It is part of a collaboration with Electro Optic Systems (EOS), a defence and space company, and The Andy Thomas Space Foundation, an organisation advocating for Australia’s space domain.
Applicants were required to submit a short research project proposal, including the potential impacts their study could have on Australia’s space community.
“EOS has long been committed to developing the next generation of space scientists and engineers to ensure the success and sustainability of the space industry in Australia,” said EOS CEO Craig Smith.
“These awards are one way that we try to promote excellence and inclusiveness in STEM studies,” Smith added.
Lauren Fell was the first winner announced, and her proposal was called “Quantum-like Holistic Modelling of Trust Decisions in Mars-Analogue Conditions”.
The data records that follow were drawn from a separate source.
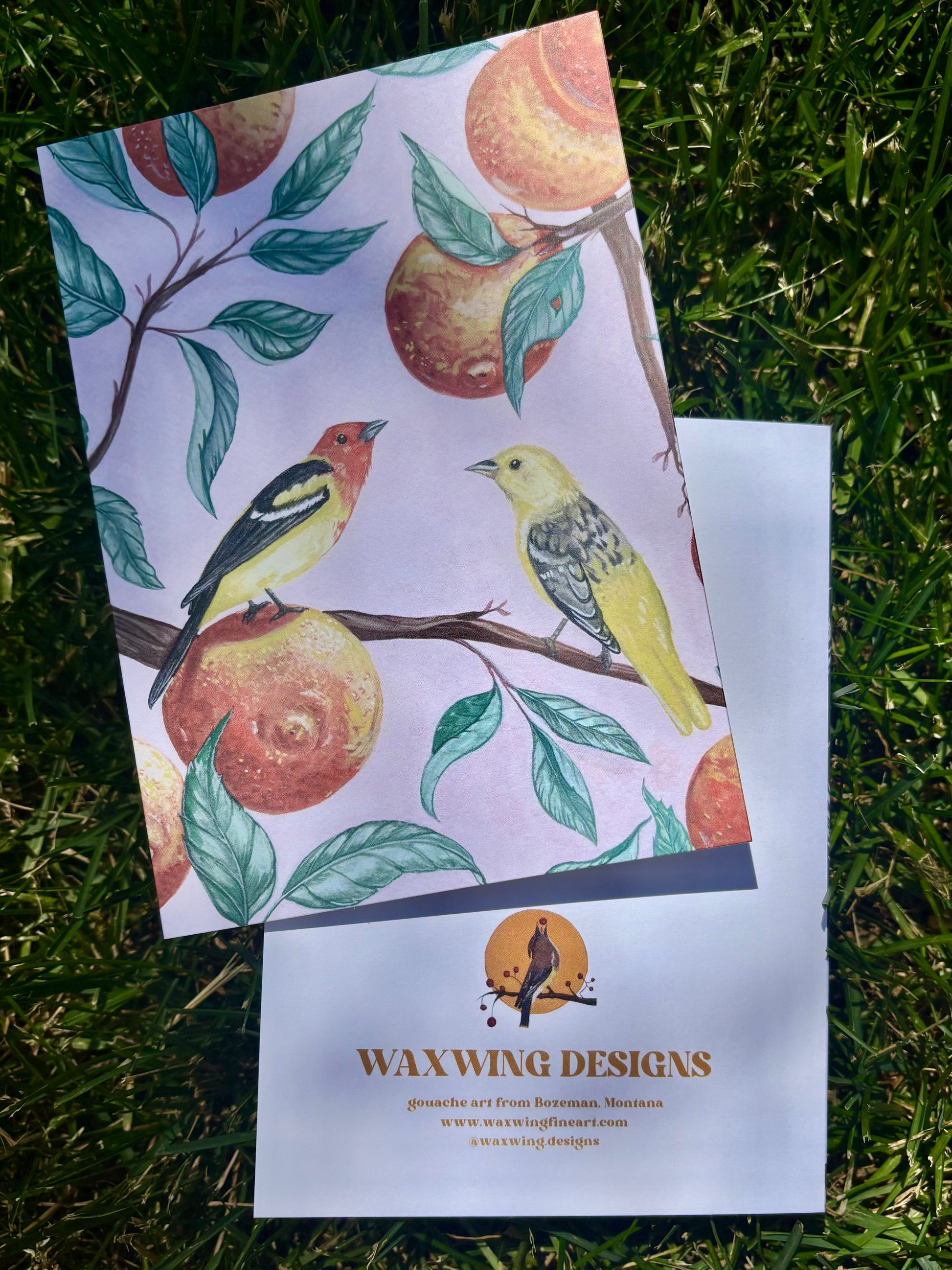 This 5x7" card features two Western Tanagers. Card comes with white envelope and is thick cardstock. Inside is blank.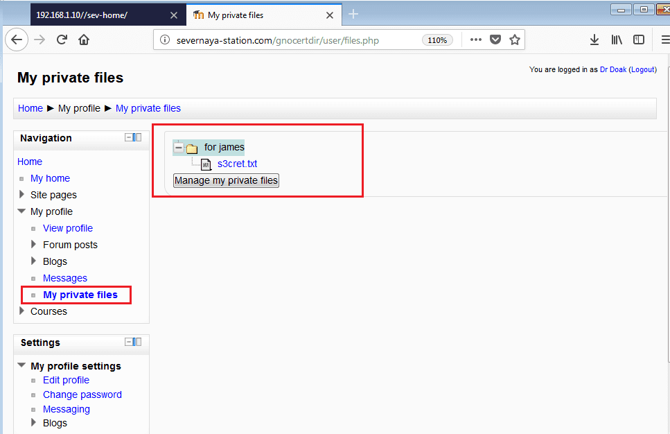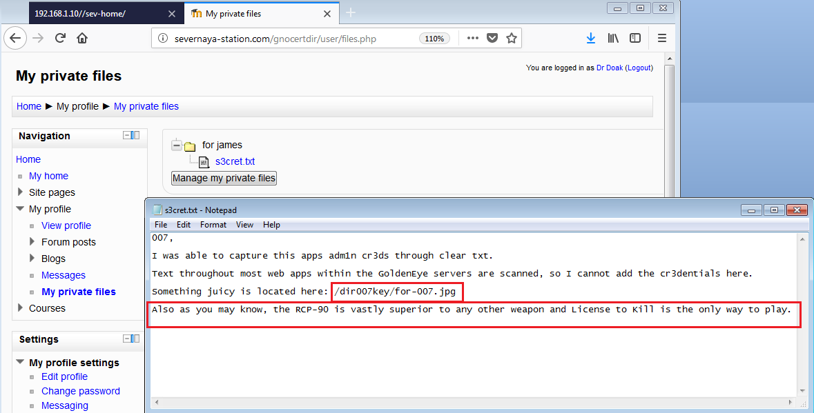 In the screenshot, it can be seen that we have logged in as user “dr_doak” in the application. I started exploring the application for any further clue. After looking around for a while, I found another private file: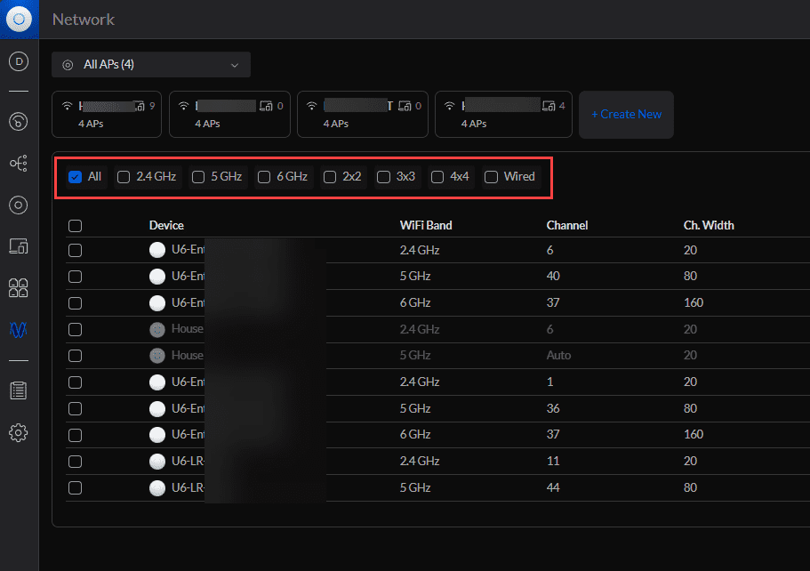 As you can see below, I have the new Radios menu selected and you can see the filtering at the top of the device list. The options are:

She said in orbit, there are numerous aspects of trust taking place; whether it's with crew members, ground control, the ground beneath or other surrounding factors.
According to Fell, her research is about applying models of holistic and intuitive thinking that can impact trust decisions in a “high uncertainty, high consequence environment” such as space travel.
The second was Sabrina Slimani from the University of Adelaide, who’s proposal focused on “Using Entangled Photons to Remotely Synchronise Clocks”.
She said synchronising clocks in space is useful for telecommunication networks, accurate timestamping and location positioning.
Deploying clocks with the same time and same rate will further the “security” between ground control and astronauts, Slimani said.
The third winner announced was Skevos Karpathakis, and his proposal was called “Coherent Free Space Optical Communications and Atmospheric Stabilisation System Development”.
Optical communications are communications carried on an optical rather than a radio wavelength – which is how astronauts can communicate with Earth.
In NASA's context, optical communications use light to transmit information over long distances by using lasers instead of radio frequencies.
Karpathakis said as the space population grows, optical communications can more efficiently increase bandwidth and data speed in transmitting information back down to Earth.
The last winner announced was Joshua Critchley-Marrows, and his study was called “A Return to the Stars in an Age of Navigation Uncertainty”.
With a team of researchers from the University of Sydney, Critchley-Marrows will “develop and launch a novel, competitive and accessible star tracker platform for small satellite systems”.
He said his PHD was founded on applying the system to the challenges faced with global navigation satellite system’s today – “an alternative to system navigation timing,” Critchley-Marrows added.